While the traditional path to college is still full-time, on campus, and directly out of high school, more and more people are going a different route. People are getting degrees after they have been in the military, worked in a professional field for a time, raised a family, or coped with a long illness. Many people are returning for second and third degrees in order to make a career change. College can happen online or offline, or a bit of both. It’s not all dorm rooms and frat parties anymore.
Here are some tips…from someone who teaches nontraditional students online…for anyone who is off to school online, after age twenty-five, or after first going down any other path but the one straight to campus after high school.
Set up space for school.
The best place for nontraditional college students to take online classes, study, and complete their homework would be in a comfortable shared space. Renting a classroom or conference room with a group of other students and making that “school” for you would be ideal. Of course, that also ranges from impractical to downright impossible for most people. So come as close to that as you can. If you have a home office or studio, use that space as your school space. If you have a desk in your room or in a shared home office, use that. And if you have none of those things, set up a temporary school space. Designate your chair at the kitchen table your “school spot” anytime your laptop is open or the mug from the school store is sitting there.
Schedule school time.
Colleges and universities that offer you the opportunity to “learn at your own pace” and “work on your own time” mean that you get to decide when school time will take place, not that you get to do your work and hand it in when you feel like it. Begin each unit of study with a careful noting of due dates, and plan your work around that plus the rest of your life, including your own learning style.
Some people learn best and get the most done when they do a lot of work at once. Others need to work in shorter, more frequent sessions. Academic work time will likely need to be scheduled around paid work, family obligations, and other activities. But schedule it. It’s too easy to forget to do an assignment when you decide to just “do it when you have a chance.”
Get started…and ask questions…early.
Read the first assignment, including any resources, notes, samples, guides, or supplemental material, on the first day. Start assigned readings that day. If you have a project to plan, get started on it on the first day of school. This will give you a time cushion if something goes wrong. If you need to cancel a day of scheduled school work, a piece of a project gets misplaced, you’re having trouble getting a book you really need, or you don’t understand the assignment and need to email the teacher and wait for a reply, you’ll be ahead and able to relax and work through the difficulty without sacrificing your grade, or any other part of your life.
Wearing yourself out will not benefit your studies. Give yourself breaks and time off.
Going to college is supposed to be time consuming. It’s supposed to be hard. If your admissions counselor talked you into enrolling by promising you can earn your degree by glancing at your phone while your toenail polish dries at the salon, you are at a bad school. You will be tired. You will have added stress. But this does not mean you need to live logged in to your school website or your online research materials, never leave the local library, or miss your best friend’s wedding to write a paper.
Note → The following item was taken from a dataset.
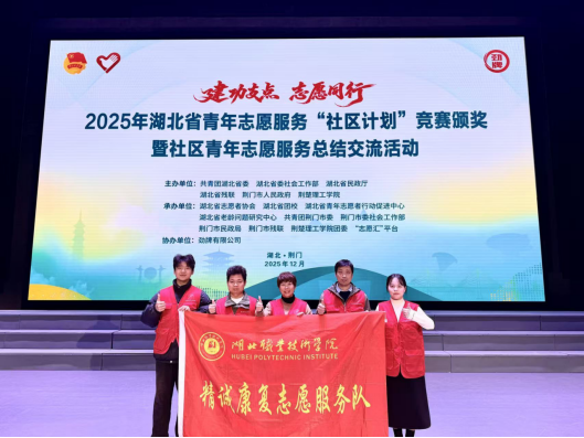 (本网讯 雷珅 张凤玲)12月5日至7日,2025年湖北省青年志愿服务“社区计划”竞赛决赛在荆门市举行,团省委书记刘治田出席并颁奖。Beat365卫生技术学院精诚康复志愿服务队与本科院校、企业队伍同台竞技,经过前期申报、全省网评、线下路演答辩等环节,最终从1200余支队伍中脱颖而出,荣获专项赛金奖。
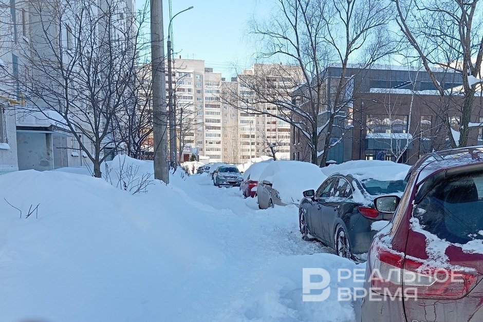 В непосредственной близости от здания УК «Уютный дом» на ул. Четаева, сразу за шлагбаумом, жители пробирались к своим подъездам по протоптанным в сугробах узким тропинкам. Инна Серова / realnoevremya.ru

Breaks should be scheduled into each school session. And days…or at least half days off should be scheduled for important life events. You might also want to schedule a day off of school work just to rest once in a while.
Tailor your work to the rest of your life as much as possible.
Sometimes, you are just going to have to complete projects you don’t feel like completing. This is going to be true whether you are in school or doing paid or volunteer work. But it is always more encouraging to work on something you care about. Choose a topic you’re passionate about anytime you are assigned a paper, presentation, speech, or other project on the topic of your choice. You may even want to design a project that can be used in your current professional life.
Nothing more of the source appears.